= Remote starter =

Radio controlled device to start a vehicle engine

A remote starter is a radio controlled device, which is installed in a vehicle by the factory or an aftermarket installer to preheat or cool the vehicle before the owner gets into it. Once activated, by pushing a button on a special key chain remote, it starts the vehicle automatically for a predetermined time. Different models have keyless entry as well. Most newer vehicles need some kind of bypass module to bypass the factory anti-theft system, so the vehicle can be started without the ignition key in the ignition, this is bypassed only to start the vehicle, which after it is running returns to its original state. For cars with manual transmission additional safety features may need to be added to prevent the car from starting while it is parked in gear. Having a remote starter installed in a vehicle will usually not void the factory warranty when installed properly.

The first U.S. patent (#3248555) for a remote car starter was issued to Samuel Fried of Omaha, Nebraska in 1963. Galvani and Barratelli of Illinois were awarded a patent in 1971.

The first manufacturer to introduce remote start bypass modules to bypass vehicle anti-theft systems was Fortin auto radio based in Montreal, Quebec (Canada). By 1985 multiple manufacturers began producing the devices and automobile manufacturers began offering the remote start devices as an option.

Newer cars with pushbutton starts can also be interfaced, but some do not have a "take over" procedure.

== Technology ==
A remote starter is radio controlled and connected to the car's computer.
The aim of this feature is to have the engine running for a given time for cooling or preheating the car before using it, to save time during winter times which requires defrosting the windshield.

== Benefits and issues ==
=== Benefits ===

The installation of a remote starter device in a vehicle may come with the following benefits:

- Ideal temperature before reaching the car
- Security: remote activation of the engine locks the doors of the vehicle automatically

=== Issues ===
However, use of a remote starter may also pose the following issues:

- Wasted fuel
- Large carbon dioxide emissions

==== Safety issues ====

Additional safety issues may include:

- starting the engine with a manual transmission left in gear
- unattended vehicle is not recommended
- warranty may be broken in some conditions

Installation of a remote starter may compromise a vehicle's warranty, unless done by a professional.

== Local regulations ==

Some cities like Toronto forbid idling of vehicles for more than one minute per the Toronto municipal code, chapter 517, related to idling of vehicles and boats.

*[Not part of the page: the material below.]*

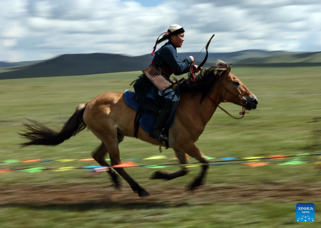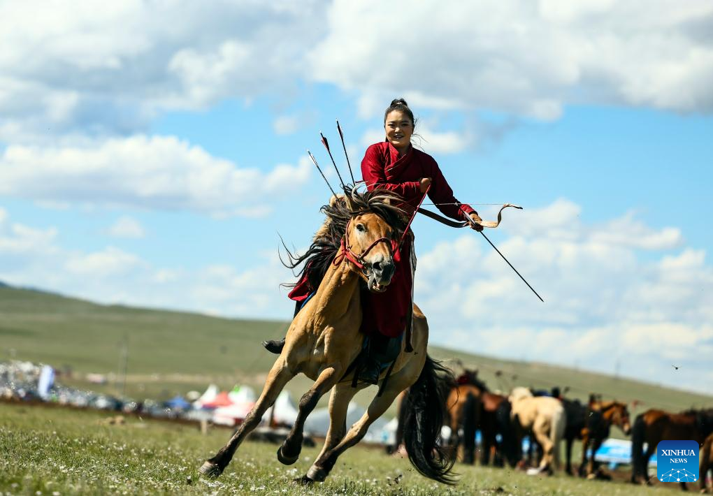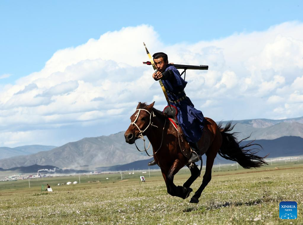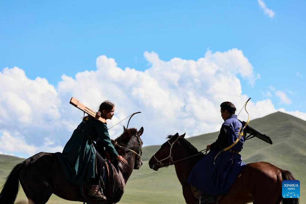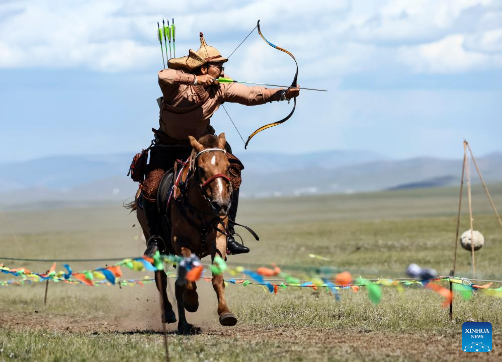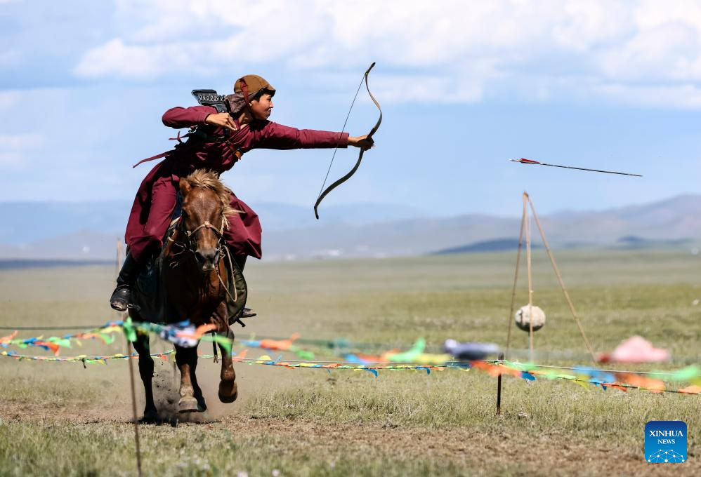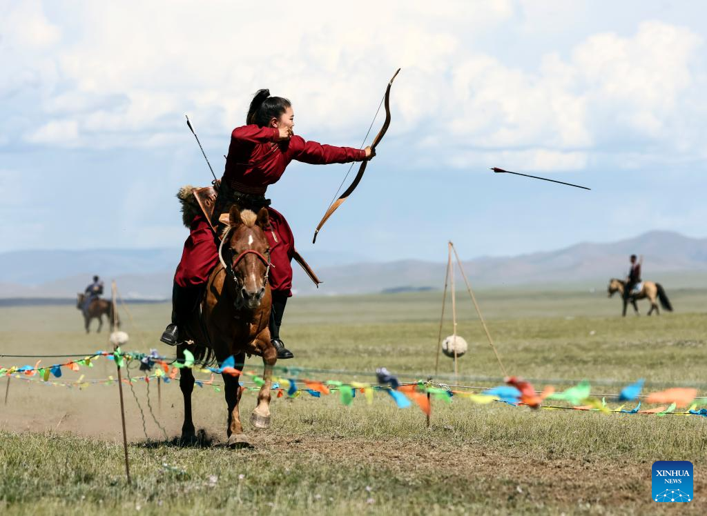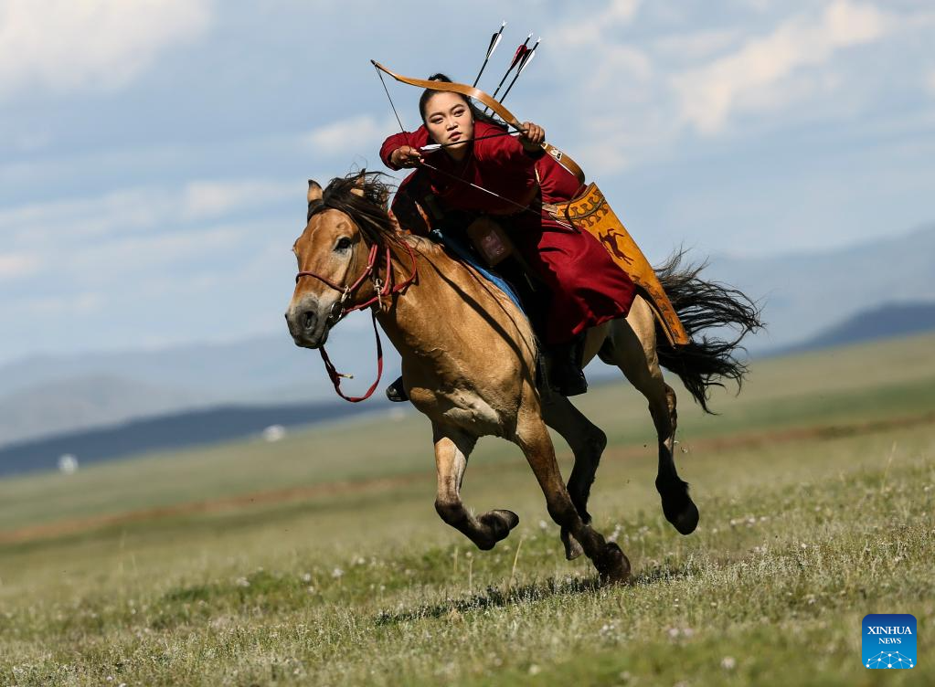 Participants perform riding and archery during a nomadic culture festival in the Nalaikh District of Ulan Bator, Mongolia, Aug. 19, 2023. A cultural festival to promote Mongolia's nomadic intangible culture and the development of the tourism sector was held from Aug. 18 to 20 in the Nalaikh District of Ulan Bator.

In Australia, the remote start engine feature may be available, but its use might be subject to local legality of leaving a vehicle's engine running while not in use:

If the driver will be over 3 metres from the closest part of the vehicle, the driver must switch off the engine.
— Regulation 213 of the NSW Road Rules (2014),

In Australia, activation of the RES may require agreement of a stringent set of terms and conditions:
the use of Remote Engine Start is governed by various laws. The use of this function might be unlawful.